━━━ GIVEN DATA ━━━

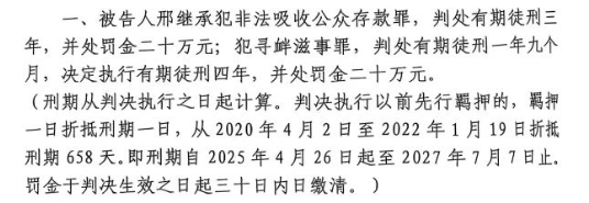 值得注意的是,邢继承2020年3月31日被采取强制措施。2022年1月19日,长治中院变更强制措施为取保候审,案件久拖不决,直到2025年4月30日,长治中院才对邢继承等人案件作出一审判决,认定邢继承犯非法吸收公众存款罪和寻衅滋事罪,两罪并罚,判处其有期徒刑四年。
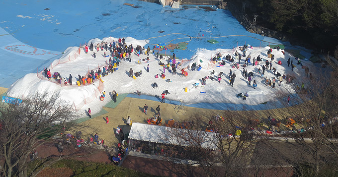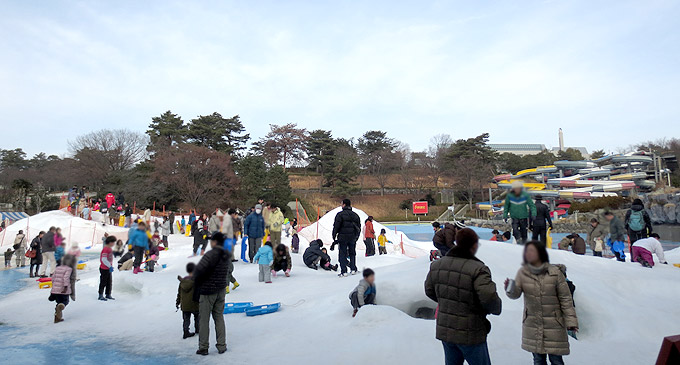 雪の王国はこんな感じです。手前で雪遊び、奥の山になっているところでそりができます。
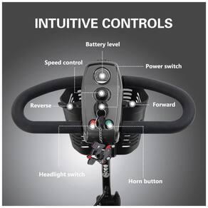 Controle com Uma Mão e Navegação Segura: O scooter de 4 rodas com manoplas ergonômicas permite operá-lo com uma única mão, oferecendo descanso para o pulso. Também é amigável para pessoas canhotas. O scooter motorizado vem equipado com faróis e luzes de freio traseiras, garantindo visibilidade e segurança ao iluminar o caminho e alertar motoristas atrás durante a noite.
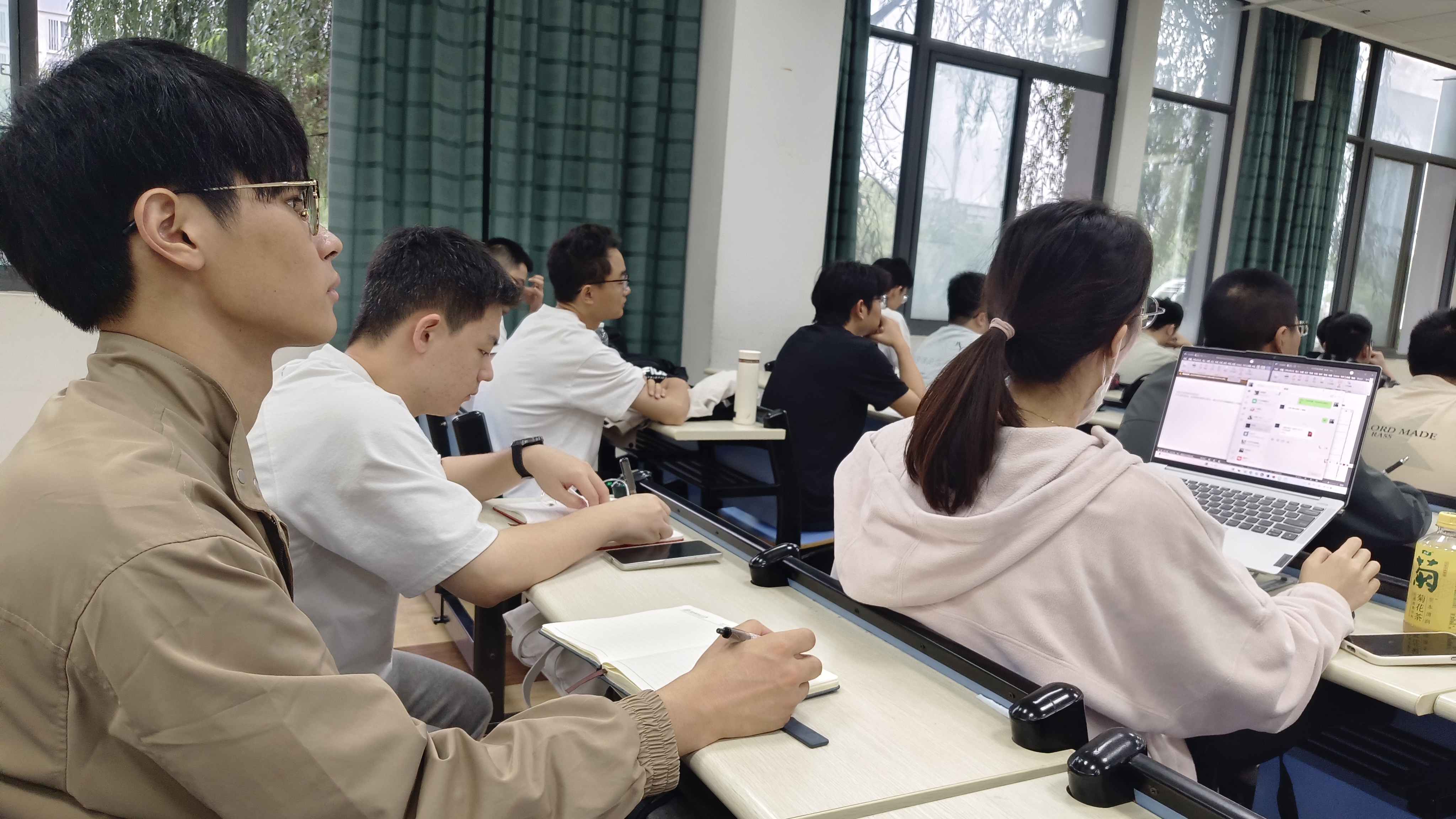 开放课堂过程中,周标主讲无阻尼系统的自由振动-二自由度系统内容,针对无阻尼二自由度振动系统模态特性分析数学公式推导复杂的难题,他在课堂教学过程中注重物理直觉、数学美感与可视化动态图示的深度融合,引导学生从单自由度振动系统的直观思维顺利过渡到二自由度振动系统的抽象思维,并深刻理解模态(振型) 这一核心概念的物理与数学内涵。课程目标要求明确,讲解知识点清晰,课件中用了大量动图,形象生动,便于概念、公式理解,引导学生思考。他声音洪亮,语速适中,启发、鼓励性的语言深深吸引了在场师生,参加观摩的老师表示从周老师的课堂受益匪浅。

━━━

Whatever lies between the first line of the data and the line holding "Controle com Uma", inclusive, should be repeated exactly, apart from the pictures.

 值得注意的是,邢继承2020年3月31日被采取强制措施。2022年1月19日,长治中院变更强制措施为取保候审,案件久拖不决,直到2025年4月30日,长治中院才对邢继承等人案件作出一审判决,认定邢继承犯非法吸收公众存款罪和寻衅滋事罪,两罪并罚,判处其有期徒刑四年。
 雪の王国はこんな感じです。手前で雪遊び、奥の山になっているところでそりができます。
 Controle com Uma Mão e Navegação Segura: O scooter de 4 rodas com manoplas ergonômicas permite operá-lo com uma única mão, oferecendo descanso para o pulso. Também é amigável para pessoas canhotas. O scooter motorizado vem equipado com faróis e luzes de freio traseiras, garantindo visibilidade e segurança ao iluminar o caminho e alertar motoristas atrás durante a noite.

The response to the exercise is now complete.